Appearance
Disaster Recovery Plan
Document ID: PLCY-DRP-001
Version: 1.1
Effective Date: December 22, 2025
Last Review: December 22, 2025
Owner: Hop And Haul Team
CONFIDENTIAL
This document is CONFIDENTIAL and for internal use only. Do not distribute outside the organization.
1. Purpose
This document establishes the disaster recovery (DR) procedures for Hop And Haul's production infrastructure, ensuring business continuity and data integrity in the event of system failures, natural disasters, or security incidents.
2. Scope
This policy applies to all Hop And Haul production systems including:
- AWS infrastructure (compute, storage, networking)
- Cloudflare DNS and Zero Trust services
- PostgreSQL databases
- Swift Vapor application servers
- Authentication and authorization systems
3. Infrastructure Architecture
3.1 Network Architecture
| Layer | Technology | Purpose |
|---|---|---|
| DNS | Cloudflare | DNS resolution, DDoS protection |
| Edge Security | Cloudflare Zero Trust | Identity-aware access, tunnel ingress |
| Tunnels | Cloudflare Tunnel | No public ports exposed |
| Compute | AWS EC2 (single instance) | Application hosting |
| Database | AWS RDS PostgreSQL Multi-AZ | Persistent data storage with automatic failover |
| Storage | AWS S3 | Object storage, AMI backups |
3.2 Capacity Sizing
| Resource | Specification | Justification |
|---|---|---|
| EC2 Instance | r6g.xlarge (32GB RAM, 4 vCPU) | Headroom for 5000 concurrent connections |
| RDS Instance | db.t3.small (2GB) or db.t3.medium (4GB) | Connection pooling limits actual DB connections to ~50 |
| Max Users | 5,000 drivers/riders | Same user pool (drivers are riders) |
| Max WebSocket Connections | 5,000 | GPS updates via persistent WebSocket |
| Max RPS | 5,000 | Well within single-instance Swift Vapor capacity |
Sizing Analysis:
| Metric | Calculation | Result |
|---|---|---|
| WebSocket memory | 5,000 connections x 50KB | 250MB |
| Swift Vapor overhead | Base + connection handling | ~2GB |
| Available headroom | 32GB - 3GB used | 29GB buffer |
| RDS connections | Vapor connection pool | 20-50 actual connections |
| RDS memory pressure | 50 connections x 10MB work_mem | 500MB |
3.3 Security Posture
| Control | Implementation |
|---|---|
| Public Port Exposure | Zero (all traffic via Cloudflare Tunnel) |
| Authentication | Stateless JWT with role-based access |
| Multi-tenancy | Organization-scoped data isolation |
| Application Runtime | Swift Vapor (compiled, memory-safe) |
| Database Access | Application-only (no direct access) |
3.4 Single-Instance Architecture Rationale
Given the workload characteristics (5,000 max concurrent users, WebSocket-based GPS), a single EC2 instance provides:
| Benefit | Description |
|---|---|
| Simplicity | No load balancer, no session affinity concerns |
| WebSocket affinity | All connections to single instance, no sticky session routing |
| Cost efficiency | One instance vs. cluster overhead |
| Reduced failure modes | Fewer components to fail |
| RDS Multi-AZ | Database HA handled by AWS, not application |
Trade-off acknowledged: Single point of failure for compute.

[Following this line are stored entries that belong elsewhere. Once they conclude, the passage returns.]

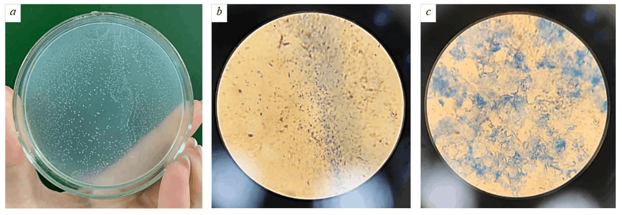 To determine the proportions of strain culture application to the soil, the growth activity of the strains on mineral nutrient media was preliminarily determined in the presence of oil and petroleum products as the only carbon source, including crude oil, diesel fuel, gasoline, and petroleum products from the spill [36]. In the control sample, glucose served as the carbon source. Surface cultivation of the strains was carried out at a temperature of 26±2 °C for seven days. The growth activity of the strains was assessed both visually and by microscopy of fixed preparations (Fig.4).
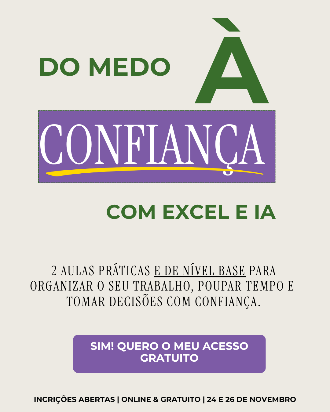 Estas aulas forma pensadas para as pessoas que precisam de Excel no seu dia a dia apenas para as tarefas mais básicas. E como não podia deixar de ser como podem aos poucos começar a usar a IA no seu dia a dia e no seu negócio. Conto consigo?
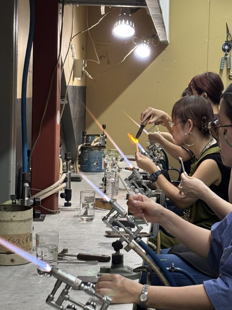 お待ちかねのガラス制作体験!今回は「酸素バーナー体験」を実施しました。

Mitigation: AMI-based rapid recovery (see Section 5.2).
4. Recovery Objectives
4.1 Recovery Time Objective (RTO)
| Tier | Systems | RTO |
|---|---|---|
| Tier 1 - Critical | Authentication, Core API, Driver matching | 1 hour |
| Tier 2 - Essential | Reporting, Notifications, Voice agent | 4 hours |
| Tier 3 - Standard | Analytics, Admin dashboards | 24 hours |
4.2 Recovery Point Objective (RPO)
| Data Category | RPO | Backup Method |
|---|---|---|
| Transaction data | 5 minutes | Continuous replication |
| User/Driver data | 1 hour | Hourly snapshots |
| Audit logs | 1 hour | Continuous streaming |
| Configuration | 24 hours | Daily snapshots |
| Analytics | 24 hours | Daily exports |
5. Backup Strategy
5.1 RDS PostgreSQL (Multi-AZ)
RDS Multi-AZ provides automatic failover with no application changes required.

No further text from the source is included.